We can now use the comm command to compare the file words.txt and the dictionary. It produces three columns of output: the first gives the lines only in the first file, the second are lines only in the second file, and the third are those in common. So, the first column has what we need, because those are words in our sentence that are not found in the dictionary. Here’s the command to get that.

[sourcecode language=”bash”]
$ comm -23 words.txt /usr/share/dict/words
Facebook
This
acress
app
shows
tonw
[/sourcecode]

The -23 options indicate we should suppress columns 2 and 3 and show only column 1. If we just use -2, we get the words in the sentence with the non-dictionary words on the left and the dictionary words on the right (try it).

The problem of course is that any word list will have gaps.
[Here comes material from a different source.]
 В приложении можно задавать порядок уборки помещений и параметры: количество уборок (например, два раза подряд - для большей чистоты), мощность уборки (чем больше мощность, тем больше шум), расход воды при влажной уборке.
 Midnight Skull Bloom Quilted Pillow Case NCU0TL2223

This dictionary doesn’t have more recent terms like Facebook and app. It also doesn’t have upper-case This. You can ignore case with comm using the -i option and this goes away. It doesn’t have shows, which is not in the dictionary since it is an inflected form of the verb stem show. We could fix this with some morphological analysis, but instead of that, let’s go the lazy route and just grab a larger list of words.

Extracting a high-confidence dictionary from a corpus

Raw text often contains spelling errors, but errors don’t tend to happen with very high frequency, so we can often get pretty good expanded word lists by computing frequencies of word types on lots of text and then applying reasonable cutoffs. (There are much more refined methods, but this will suffice for current purposes.)
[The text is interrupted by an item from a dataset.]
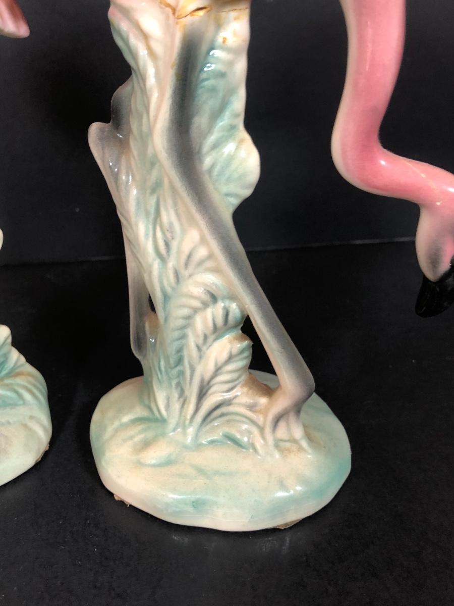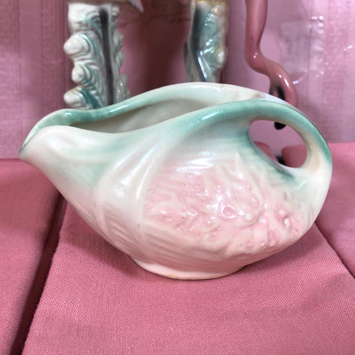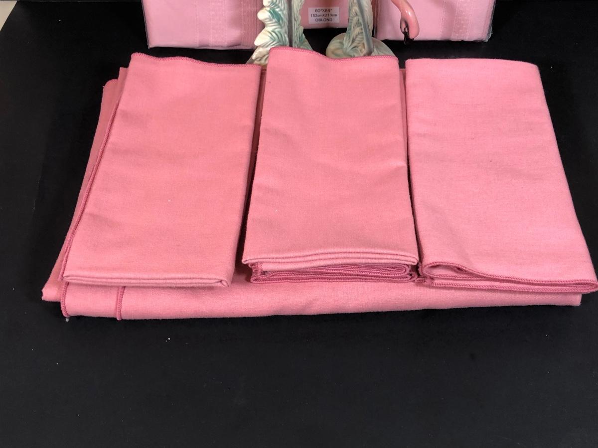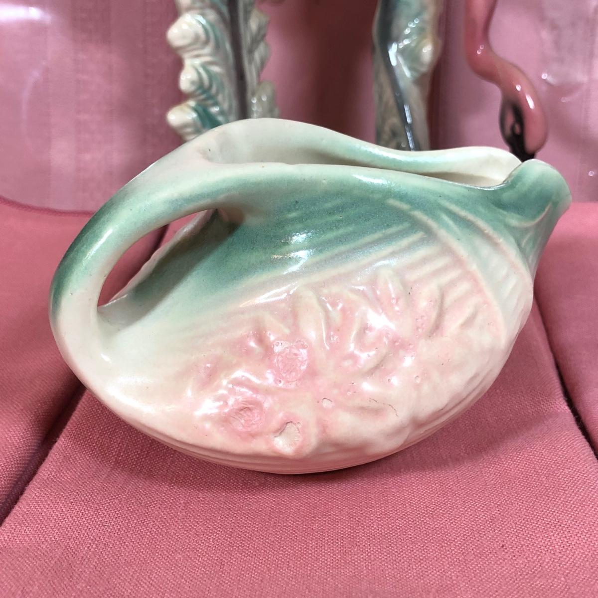 LOT 110K: Vintage 1940s McCoy Pottery Pink/Green Daisy Creamer, Brad Keeler Flamingo Pottery Sculptures & Pink Cloth Napkins & Table Cloths (Some NIP)

First, let’s get some data. The Open American National Corpus has just released v3.0.0 of its Manually Annotated Sub-Corpus (MASC), which you can get from this link.

– http://www.anc.org/masc/MASC-3.0.0.tgz

Do the following to get it and set things up for further processing:

[sourcecode language=”bash”]
$ mkdir masc
$ cd masc
$ wget http://www.anc.org/masc/MASC-3.0.0.tgz
$ tar xzf MASC-3.0.0.tgz
[/sourcecode]

(If you don’t have wget, you can just download the MASC file in your browser and then move it over.)

Next, we want all the text from the data/written directory. The find command is very handy for this.

[sourcecode language=”bash”]
$ find data/written -name "*.txt" -exec cat {} ; > all-written.txt
[/sourcecode]

To see how much is there, use the wc command.

[sourcecode language=”bash”]
$ wc all-written.txt
43061 400169 2557685 all-written.txt
[/sourcecode]

So, there are 43k lines, and 400k tokens. That’s a bit small for what we are trying to do, but it will suffice for the example.

Again, I’ll build up a Unix pipeline to extract the high-confidence word types from this corpus. I’ll use the head command to show just part of the output at each stage.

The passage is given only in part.